I don't have enough time (or energy) to write "deep" stuff in this issue. There have been several cultural problems that I'd just as soon forget during the holidays. This country is a mess. I continue to work through these things and will write about them eventually. But consider December the "People" section of The Addis Herald. I'll bring you up to speed on some of my social scene here. (I hope even this will offer snapshots of life in Ethiopia).

And I keep meaning to try to upload pictures someday, but it is a painful process on dial-up …

Note: Names have been changed or avoided altogether through nicknames to protect the guilty. Newsletters circulate enough to make me nervous …
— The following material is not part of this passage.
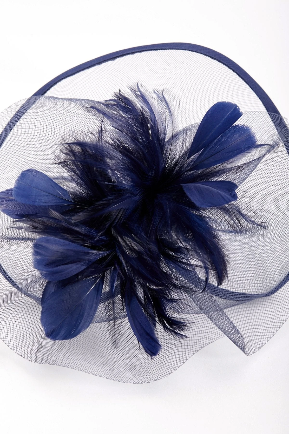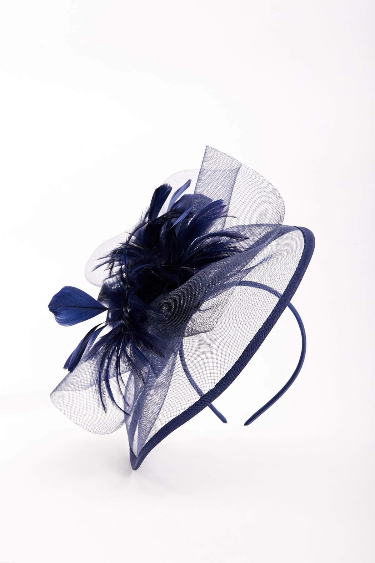 This large navy fascinator with feather adds a touch of elegance to any special occasion.

Carnivores and Vegetarians for a Peaceful Thanksgiving
No Tofurkeys were carved during the course of Addis Thanksgiving 2007. (And almost all of the expatriates rejoiced.) Early Thanksgiving afternoon, the Sunday night group of more traditional carnivores gathered as usual at the home of a tiny Southern woman who does things with stuffing and chicken that I didn't know were possible. Dinner was delicious, and apparently, Southern Living does more than hide dusty coffee tables after all. Then, just two hours after the first meal, four of us from this group rolled ourselves into a taxi to go to our vegetarian friend Jamie's feast, which was just as tasty and even more expansive. All I had to bring was wine. Just two bottles of South African wine, and *poof* all the cooking and prep was done for me. (This is a very good thing since I still haven't truly figured out my oven or cooking at this altitude.) Jamie invited 20 other people from all over the planet, so it was an international Thanksgiving with Austrians, Swiss, Indians (dot not feather), Canadians and Ethiopians. Even more fun.
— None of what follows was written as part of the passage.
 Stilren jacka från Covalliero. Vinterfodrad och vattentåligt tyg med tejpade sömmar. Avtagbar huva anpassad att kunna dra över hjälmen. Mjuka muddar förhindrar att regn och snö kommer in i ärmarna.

A note on Jamie, by the way: She's a native New Yorker who's working on a Ph.D. and employed by Bill Clinton (truly). Her world is so different from mine that ours is probably not a friendship found in nature. In fact, sometimes I chuckle and think our friendship is somewhat analogous to Hillary Clinton and the Church Lady suddenly becoming buddy-buddy and hanging out over coffee at Starbucks twice a week. She works in public health, so her bathroom's theme, for example, is condoms. Condoms, condoms everywhere (and I love it). My bathroom's theme, if it even has one, is rubber duck.

But we enjoy each other and hey, she's a fantastic cook. (The woman can do things with a pumpkin. A pumpkin.) We talk and laugh a lot despite our different backgrounds. She still razzes me mercilessly about Liberty, though. She has a hard time picturing me in a Fundamentalist environment even though I feel like Miss Prim in comparison.

At least Falwell gives people an in to lovingly tease me (well, it's usually in love …). I razz her about several choice things, too.

A Very Thriller Christmas
I just saw on "Nightline" (which I watch at 7 a.m., by the way) that there is actually a "Star Wars Holiday Special." Thirty years later, George Lucas still cringes about making it (it's on YouTube if you want to help solidify his shame). The first 10 minutes of the two-hour program is just Wookie chirping as Chewbacca and his family decorate the tree for "Life Day"--apparently, Jesus is not in space. Then Bea Arthur (!) waltzes into the living room to dance and sing a Life Day carol with one of the Wookie children. Things deteriorate even further after that, not that things weren't already shot beyond all hope as it was.

About five minutes of our Sunday night group's Christmas tree decorating night felt something like this three weeks ago. Surreal. Campy. Frightening. Like watching a train wreck and feeling guilty for staring.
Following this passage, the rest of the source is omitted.